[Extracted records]

⟨

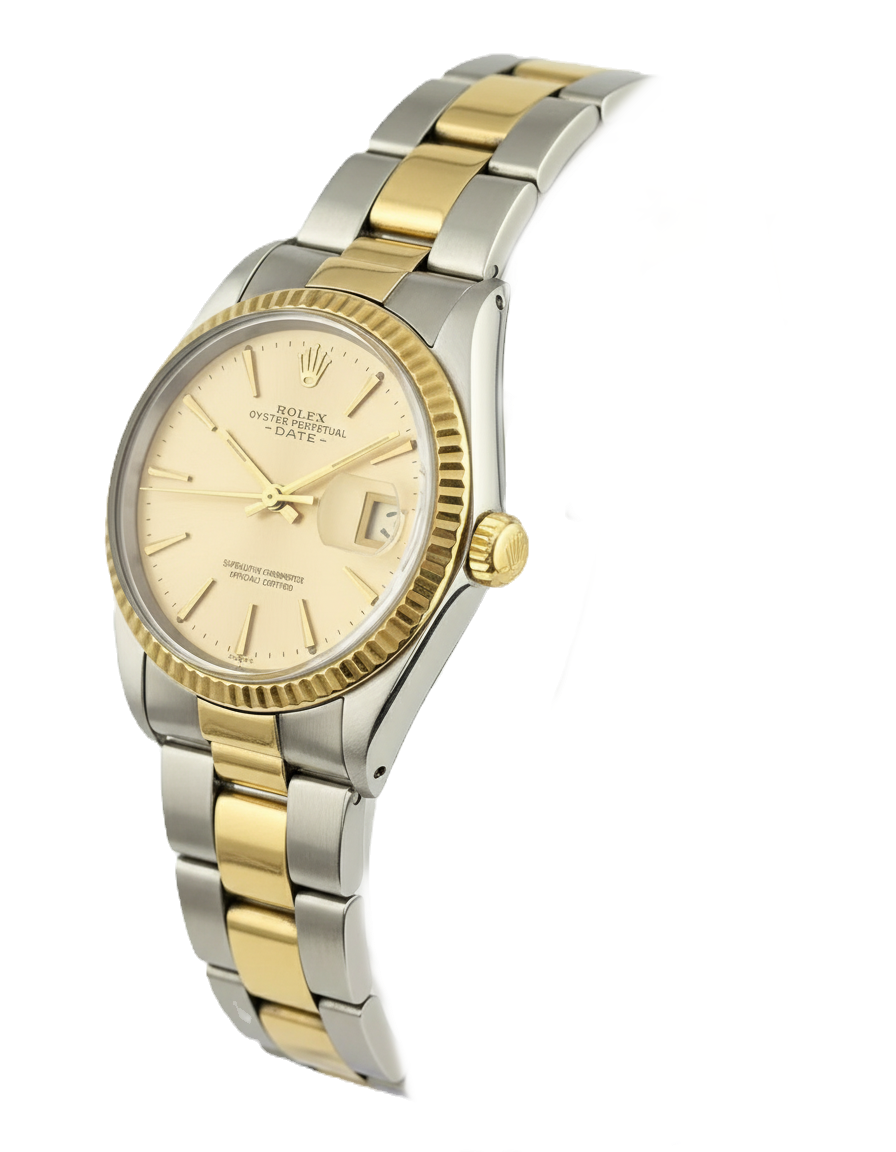 Rolex 34mm 1500 Oyster Perpetual Date 18k Yellow Gold & Steel Champagne Dial
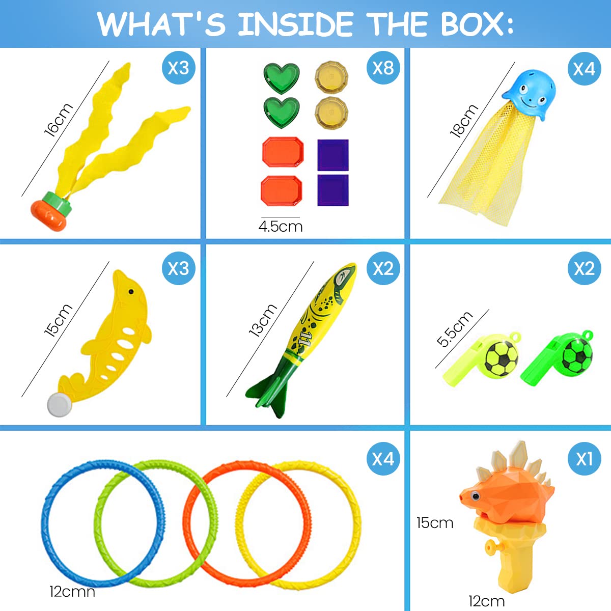 - GRAT VALUE PACK: Including total 27pcs, 4 Diving Rings, 8 Pirate Treasures, 3 Toypedo Bandits, 5 Fish Toys, 4 Octopus Toys, 1 Water Spray Gun, great affordable toy set bringing more fun for the whole Summer
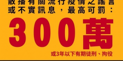 新冠肺炎疫情升溫,連日來本土確診人數不斷攀升,指揮中心於17日宣布本土案例又激增333人,民眾擔心疫情,每天都有各種疫情消息在社群轉傳,指揮官陳時中表示,轉傳未經證實的假消息,不但有刑責也會有罰款,最高可罰300萬元。 散播有關流行疫情之謠言或不實訊息,最高可罰新台幣300萬元或3年以下有期徒刑、拘役。圖:中央流行疫情指揮中心提供 ...... [閱讀更多]
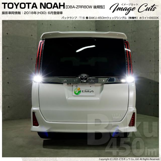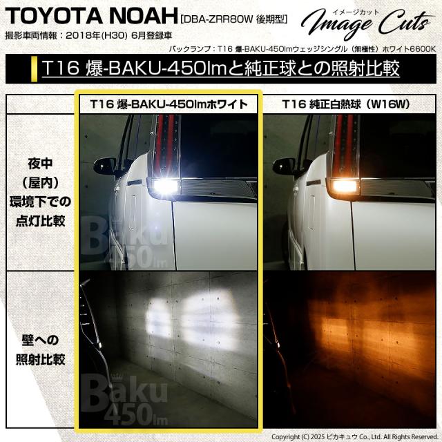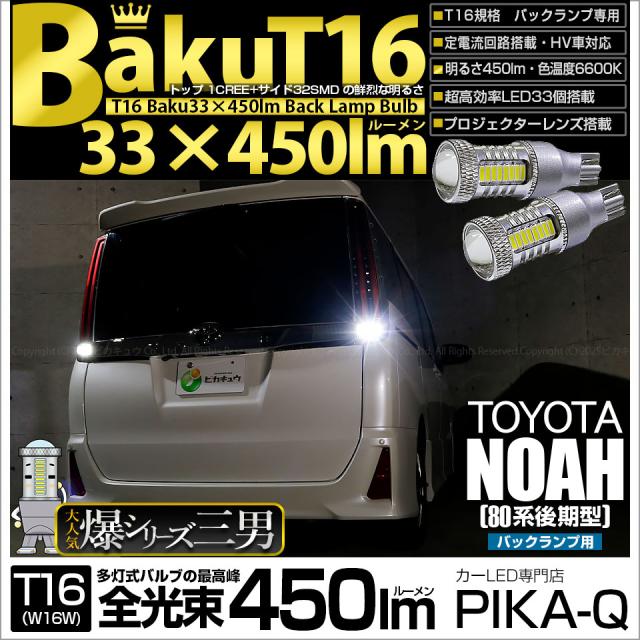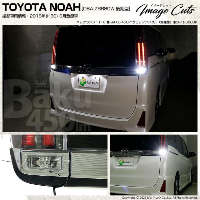 トヨタ ノア (80系 後期) 対応 T16 LED バックランプ 爆光 爆-BAKU-450lm ホワイト 6600K 2個 後退灯 5-A-2
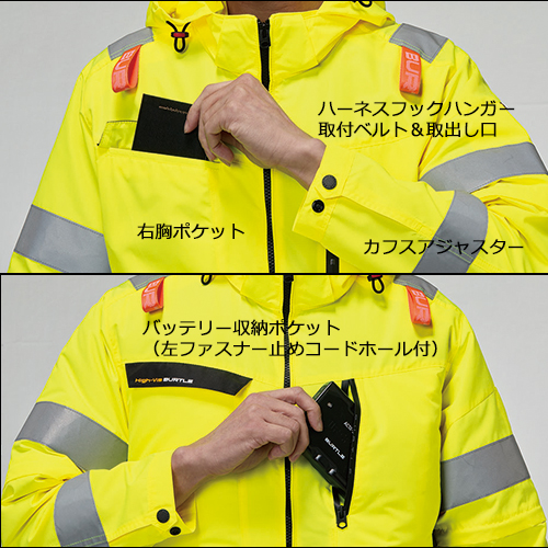 ヘルメット収納フード(着脱可能)・フックハンガー・背ランヤードホールを配備しフルハーネスに完全対応。
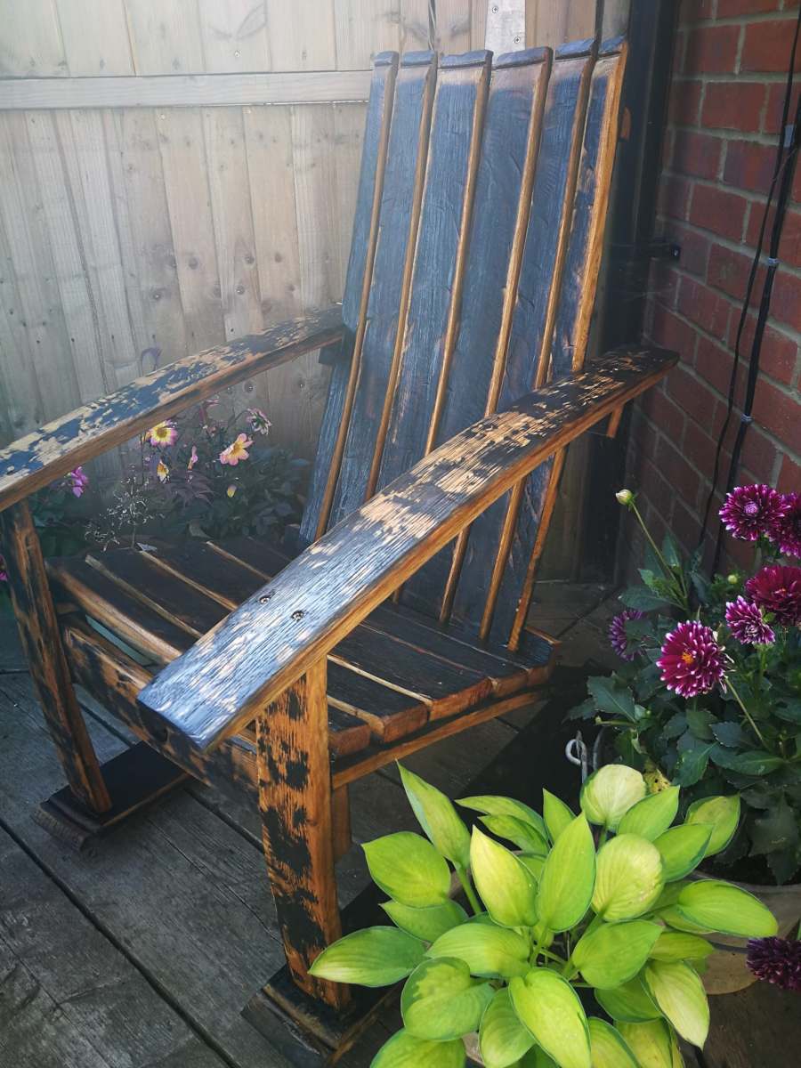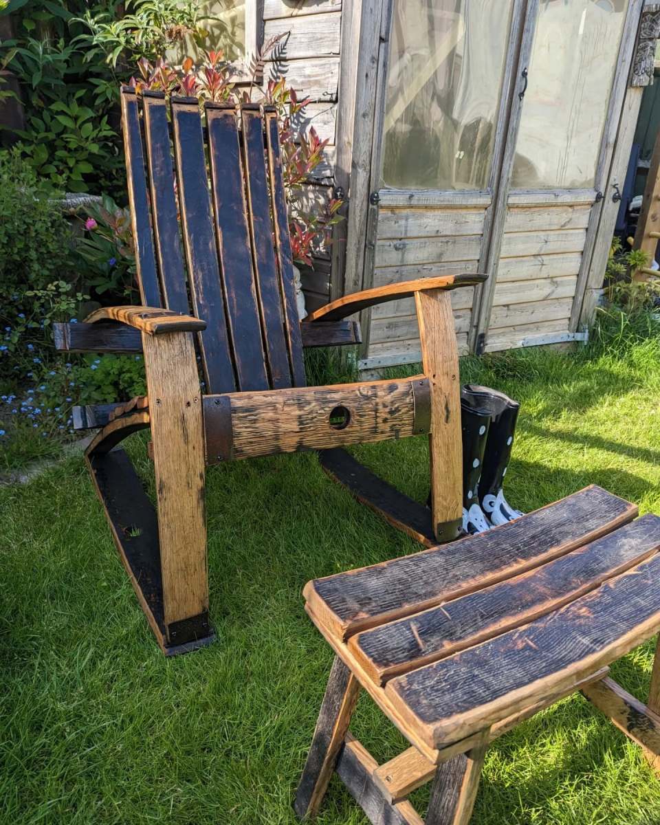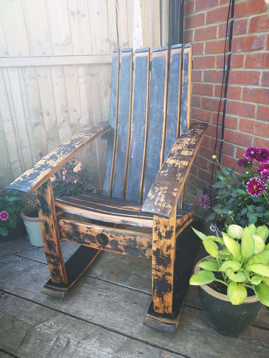 Introducing our unique rocking chair, expertly crafted from authentic whisky barrel oak. This remarkable piece combines rustic charm with modern functionality, making it a standout addition to your outdoor space.
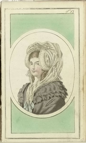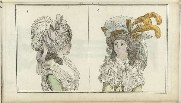 Curator: Oh, the feathers! My first impression? It's all just a glorious, over-the-top explosion of texture and powdered confidence. Editor: This etching is from an issue of "Journal des Luxus und der Moden" dating to 1786, a publication by Friedrich Justin Bertuch. It presents a stylish lady. The medium combines printmaking techniques with an early form of fashion journalism. Curator: Fashion journalism, how delicious! But you know, beneath the gorgeous excess, there's a definite, almost satirical sharpness to the line work. Editor: Absolutely. The fashion press of the period often served as a space to negotiate complex ideas about gender, class, and national identity. Consider, for instance, the extravagance on display, like that powdered wig… It spoke volumes about social hierarchy. Curator: Hierarchy certainly, but it’s also sheer, playful artistry! Just imagine the artistry—or perhaps absurdity—required to keep that towering confection in place all day! Editor: Well, extravagance wasn’t just visual; it was economic and political. These displays of wealth occurred against a backdrop of growing economic disparity in pre-Revolutionary France. Curator: Of course! Those societal tensions seethed beneath the surface, even within such images of frivolous opulence. The looming Revolution always makes appreciating images of the ancien regime so difficult. I wish there was some way to see it just at face value. Editor: I can see that, but considering historical circumstances often helps reveal underlying commentary, if not critique. These types of publications inadvertently show just how deeply material culture can embody societal struggles and power dynamics. It reflects history and its politics more broadly, wouldn't you agree? Curator: Yes. These fashion plates were definitely a coded language—and one that whispered about things far weightier than ribbon or lace. So much emotion bottled up under the lace and perfume. Editor: Ultimately, examining historical artwork involves navigating that space between aesthetics and analysis, engaging with what the art conveys on the surface, and understanding the deeper socio-political undercurrents that shaped it. It all works as a cultural history lesson. Curator: It's been enlightening to consider the many layers behind a seemingly light-hearted image!
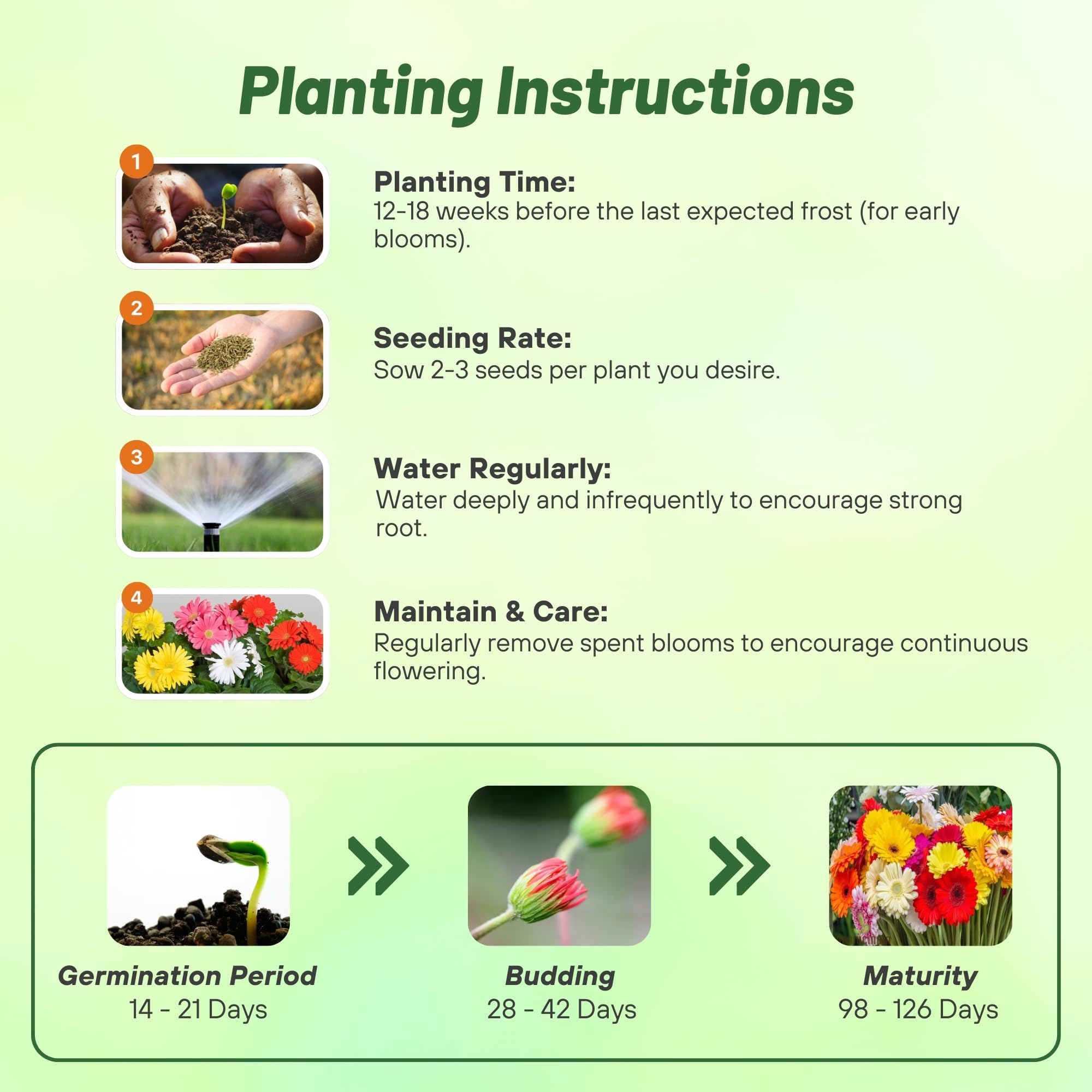 LOW-MAINTENANCE & VERSATILE: Thriving in full sun to partial shade, our hardy plants only require a sow rate of 2-3 seeds per plant in a well-drained soil (pH 6.1-7.5) with 12-16 inch spacing, then cover thinly under 70F degrees while allowing a germination time of 10-21 days for optimal results. Their versatility makes them ideal for landscaping, cutting gardens, pots, and indoor arrangements.
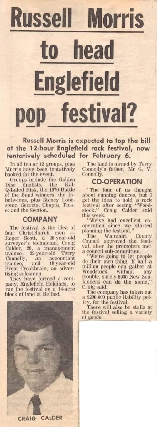 Englefield Rock Festival 1971 — A rock festival held at Belfast (near Christchurch) - thanks to Terry Galavin and Sandy Inglis for images. |
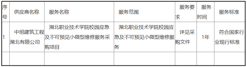 二、项目名称:湖北职业技术学院校园应急及不可预见小微型维修服务采购项目
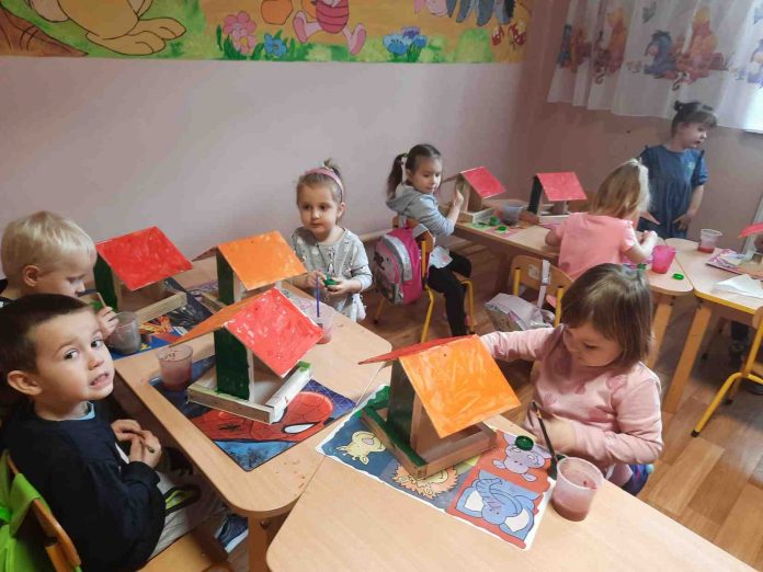 Zadaniem przedszkolaków było pokolorowanie i ozdobienie ptasich stołówek. Dzieci poradziły sobie z tym zadaniem doskonale. Teraz piękne, kolorowe karmniki trafią do ogrodów i na pewno nie zabraknie w nich ptasich przysmaków przez całą zimę.
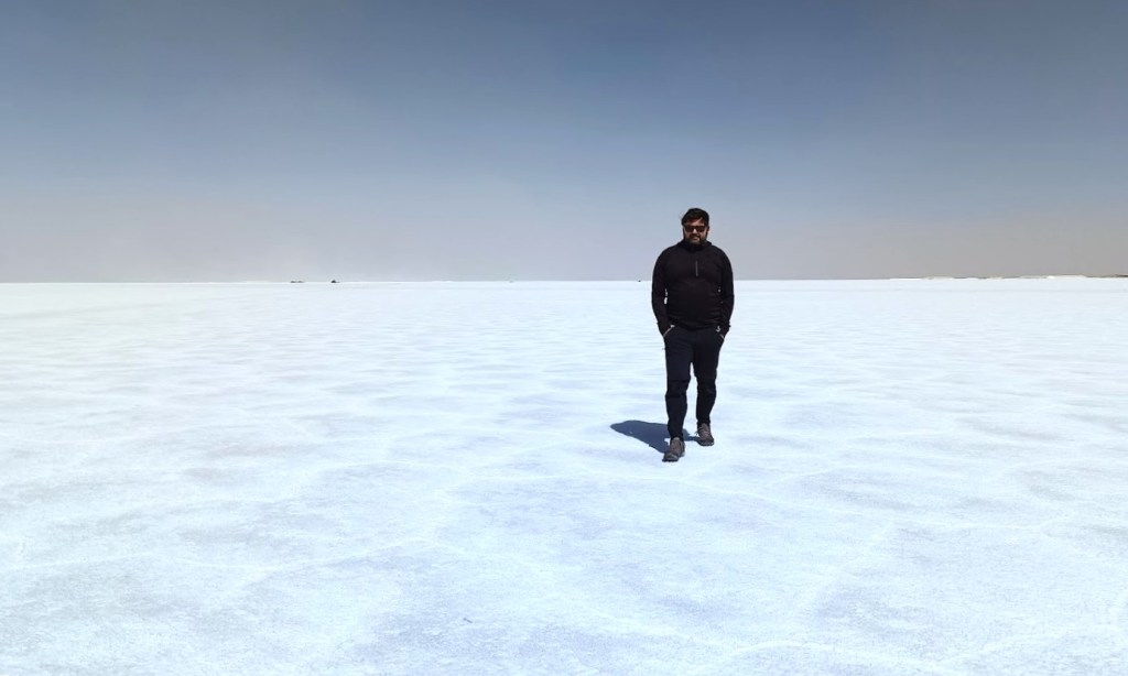 Tras un trayecto de suave descenso, entramos en el valle que nos llevó a la Salina Grande. Una visión espectacular y alucinante, incomparable con nada que hubiéramos visto antes, se abrió ante nosotros: kilómetros y kilómetros de desolación blanca, fue como llegar a otro planeta. En efecto, La Salina Grande es uno de los mayores saladares de Sudamérica, con más de 12.000 Ha de espejo blanco deslumbrante. Nos pertrechamos debidamente (gafas de sol y capucha contra el viento salado son imprescindibles) y durante una hora caminamos sin rumbo, saltamos las larguísimas zanjas de agua que se practican para recoger la sal y nos abonamos a la “turistada” obligatoria: las fotos sin perspectiva que por 1000 pesos te hacen los nativos y en las que apareces en ilusiones ópticas más o menos graciosas.
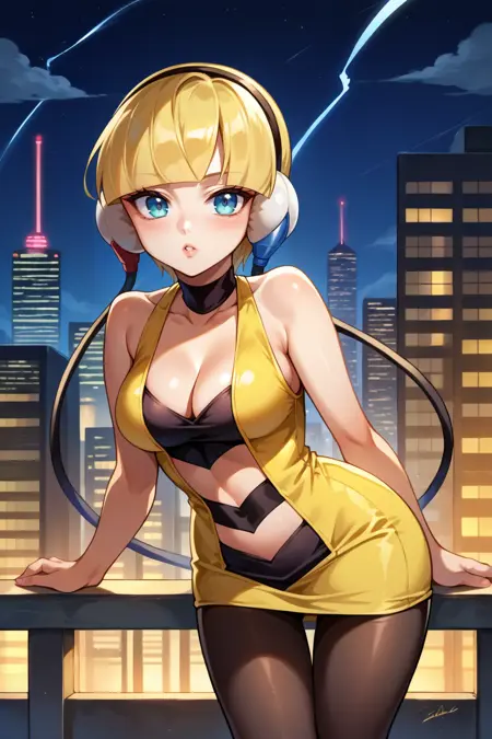 BW1 외모를 원할 경우 "bw1ele, 금발, 단발, 헤드폰, 케이블, 초크, 흉부 노출, 검정 및 노랑 드레스, 짧은 드레스, 의상 컷아웃, 배꼽 컷아웃, 민소매, 팬티스타킹"을 추가하세요.
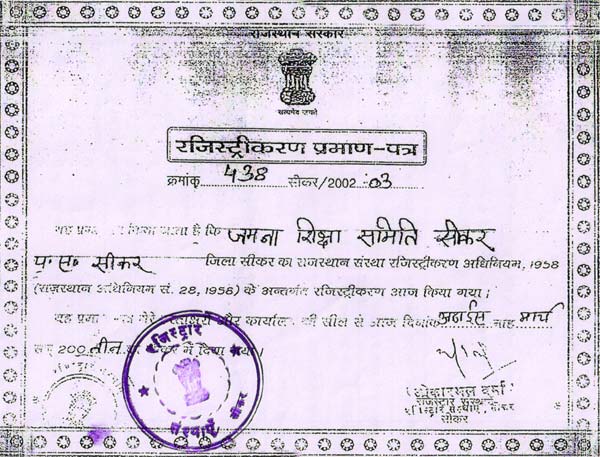 Jamna Girls B.Ed. College is organised by Jamna Shiksha Samiti, Sikar. This Society was established on 2002-03, with a pious objective of Educational, Social & Economical development of Women. Jamna Girls B.Ed. College is proposed to be established only for women by this Society.
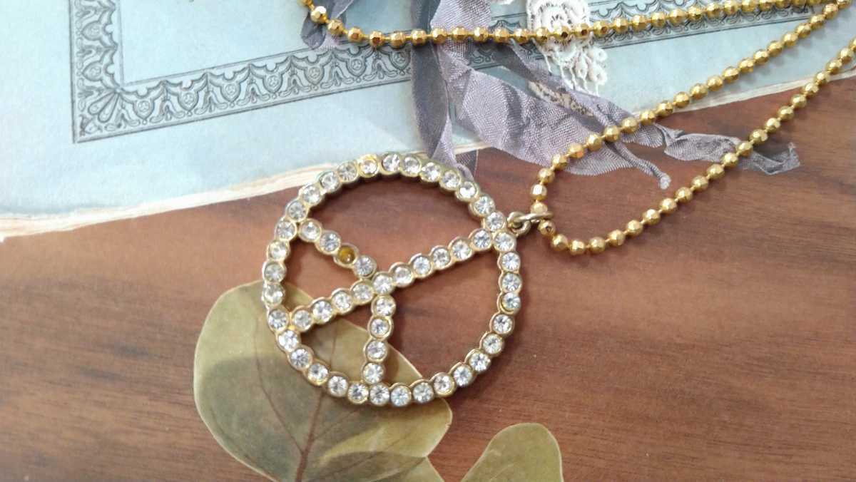- □訳あり□ラインストーン×ピースマークのネックレス□
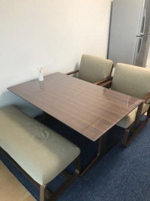 Fuji furniture のKoti W2000 D900 のテーブルを使用しており、今まではテーブルクロスを敷いていましたが、子供がまだ小さく、食べ物をこぼしたり、テーブルクロスを引っ張ったりするため、透明テーブルマットを検討しました。

⟩

**Exercise directions**
Pictures don't belong in the copy. Retype exactly the lines from the one with "Englefield Rock Festival" through the last line of the records.

**Response for this exercise**
 Englefield Rock Festival 1971 — A rock festival held at Belfast (near Christchurch) - thanks to Terry Galavin and Sandy Inglis for images. |
 二、项目名称:湖北职业技术学院校园应急及不可预见小微型维修服务采购项目
 Zadaniem przedszkolaków było pokolorowanie i ozdobienie ptasich stołówek. Dzieci poradziły sobie z tym zadaniem doskonale. Teraz piękne, kolorowe karmniki trafią do ogrodów i na pewno nie zabraknie w nich ptasich przysmaków przez całą zimę.
 Tras un trayecto de suave descenso, entramos en el valle que nos llevó a la Salina Grande. Una visión espectacular y alucinante, incomparable con nada que hubiéramos visto antes, se abrió ante nosotros: kilómetros y kilómetros de desolación blanca, fue como llegar a otro planeta. En efecto, La Salina Grande es uno de los mayores saladares de Sudamérica, con más de 12.000 Ha de espejo blanco deslumbrante. Nos pertrechamos debidamente (gafas de sol y capucha contra el viento salado son imprescindibles) y durante una hora caminamos sin rumbo, saltamos las larguísimas zanjas de agua que se practican para recoger la sal y nos abonamos a la “turistada” obligatoria: las fotos sin perspectiva que por 1000 pesos te hacen los nativos y en las que apareces en ilusiones ópticas más o menos graciosas.
 BW1 외모를 원할 경우 "bw1ele, 금발, 단발, 헤드폰, 케이블, 초크, 흉부 노출, 검정 및 노랑 드레스, 짧은 드레스, 의상 컷아웃, 배꼽 컷아웃, 민소매, 팬티스타킹"을 추가하세요.
 Jamna Girls B.Ed. College is organised by Jamna Shiksha Samiti, Sikar. This Society was established on 2002-03, with a pious objective of Educational, Social & Economical development of Women. Jamna Girls B.Ed. College is proposed to be established only for women by this Society.
- □訳あり□ラインストーン×ピースマークのネックレス□
 Fuji furniture のKoti W2000 D900 のテーブルを使用しており、今まではテーブルクロスを敷いていましたが、子供がまだ小さく、食べ物をこぼしたり、テーブルクロスを引っ張ったりするため、透明テーブルマットを検討しました。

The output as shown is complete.